Supplied material
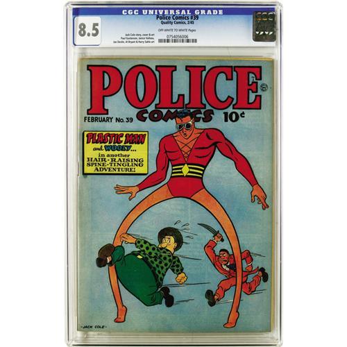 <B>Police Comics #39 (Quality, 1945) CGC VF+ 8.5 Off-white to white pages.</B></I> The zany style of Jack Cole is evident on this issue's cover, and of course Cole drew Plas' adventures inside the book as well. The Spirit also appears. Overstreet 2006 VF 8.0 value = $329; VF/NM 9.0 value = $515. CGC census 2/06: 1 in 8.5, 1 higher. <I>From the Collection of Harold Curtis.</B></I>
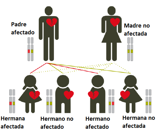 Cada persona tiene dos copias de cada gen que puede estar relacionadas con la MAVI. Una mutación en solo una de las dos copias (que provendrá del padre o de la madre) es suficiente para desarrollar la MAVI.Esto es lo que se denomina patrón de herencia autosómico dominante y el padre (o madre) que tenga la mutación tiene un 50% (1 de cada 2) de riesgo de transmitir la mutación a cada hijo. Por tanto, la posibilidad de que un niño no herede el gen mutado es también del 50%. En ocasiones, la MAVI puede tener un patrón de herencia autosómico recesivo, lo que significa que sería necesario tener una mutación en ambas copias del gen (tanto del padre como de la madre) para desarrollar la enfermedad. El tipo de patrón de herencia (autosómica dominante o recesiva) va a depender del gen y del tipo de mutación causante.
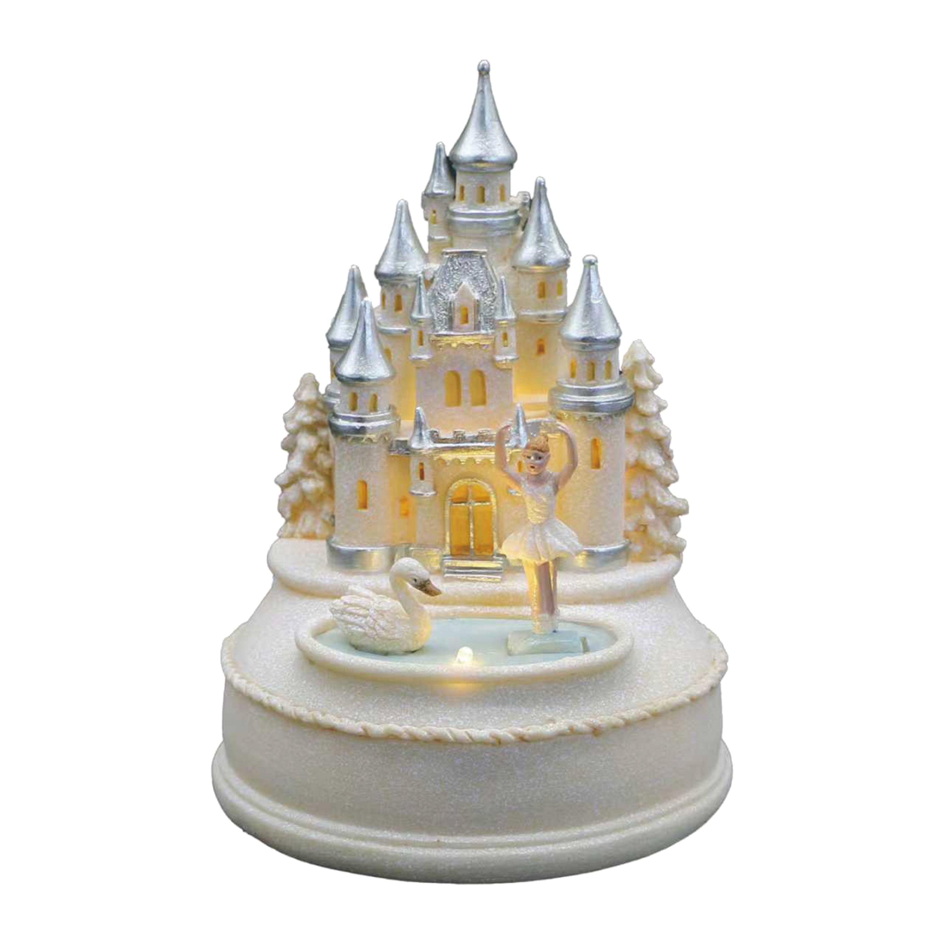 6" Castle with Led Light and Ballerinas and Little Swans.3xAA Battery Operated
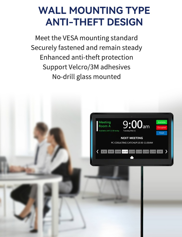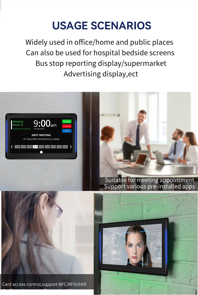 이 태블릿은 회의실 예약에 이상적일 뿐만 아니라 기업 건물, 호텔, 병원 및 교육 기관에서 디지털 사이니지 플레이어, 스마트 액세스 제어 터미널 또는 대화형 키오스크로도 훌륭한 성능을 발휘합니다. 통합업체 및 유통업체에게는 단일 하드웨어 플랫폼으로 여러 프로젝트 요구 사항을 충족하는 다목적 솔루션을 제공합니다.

Work to be completed
From the listing above, repeat only the lines between the line containing "Cada persona tiene" and the line containing "Swans.3xAA Battery Operated", those two included. Pictures are not part of the copy.

Result below
 Cada persona tiene dos copias de cada gen que puede estar relacionadas con la MAVI. Una mutación en solo una de las dos copias (que provendrá del padre o de la madre) es suficiente para desarrollar la MAVI.Esto es lo que se denomina patrón de herencia autosómico dominante y el padre (o madre) que tenga la mutación tiene un 50% (1 de cada 2) de riesgo de transmitir la mutación a cada hijo. Por tanto, la posibilidad de que un niño no herede el gen mutado es también del 50%. En ocasiones, la MAVI puede tener un patrón de herencia autosómico recesivo, lo que significa que sería necesario tener una mutación en ambas copias del gen (tanto del padre como de la madre) para desarrollar la enfermedad. El tipo de patrón de herencia (autosómica dominante o recesiva) va a depender del gen y del tipo de mutación causante.
 6" Castle with Led Light and Ballerinas and Little Swans.3xAA Battery Operated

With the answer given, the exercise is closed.